_Activity_.
Return all the data exactly, keeping the pictures out.

_Exercise data_.
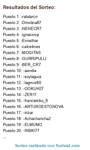 Lista de participantes: -lagmor80, -INSKI77, -linares35, -EDU_MB1, -irizar, -ralalarcn, -ignaciovp, -Enosthar, -aandia, -NENECR7, -nefertari26, -EHB_KIKE, -RECOBA20, -soylaguia, -ELMUMO, -ELOSKARON, -GURRIPULLI, -MOGITAS, -ZER11, -ARTUROESTONOVA, -reywwf619, -franciskiko_8, -BER_CR7, -GOKUH27, -Roberto_69_89, -Achachancha2, -calcetines, -Dmolina87, -victor89, -MARIO_LR.
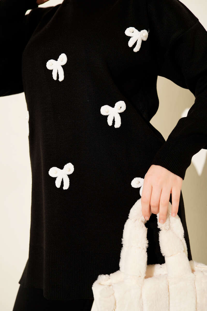 Fiyonk Desenli İncili Triko İkili Takım Lacivert
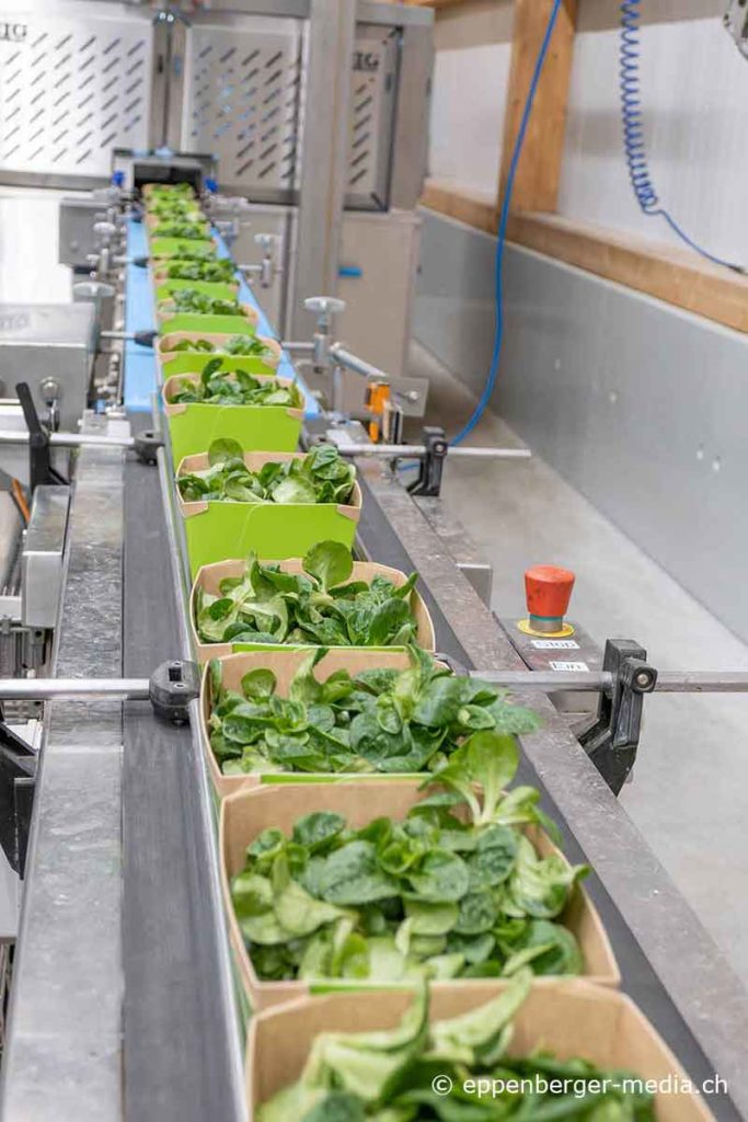 Eine spezielle Maschine packt den Nüsslisalat automatisch in Schalen für den Detailhandel ab.

_Result of the exercise_.
 Lista de participantes: -lagmor80, -INSKI77, -linares35, -EDU_MB1, -irizar, -ralalarcn, -ignaciovp, -Enosthar, -aandia, -NENECR7, -nefertari26, -EHB_KIKE, -RECOBA20, -soylaguia, -ELMUMO, -ELOSKARON, -GURRIPULLI, -MOGITAS, -ZER11, -ARTUROESTONOVA, -reywwf619, -franciskiko_8, -BER_CR7, -GOKUH27, -Roberto_69_89, -Achachancha2, -calcetines, -Dmolina87, -victor89, -MARIO_LR.
 Fiyonk Desenli İncili Triko İkili Takım Lacivert
 Eine spezielle Maschine packt den Nüsslisalat automatisch in Schalen für den Detailhandel ab.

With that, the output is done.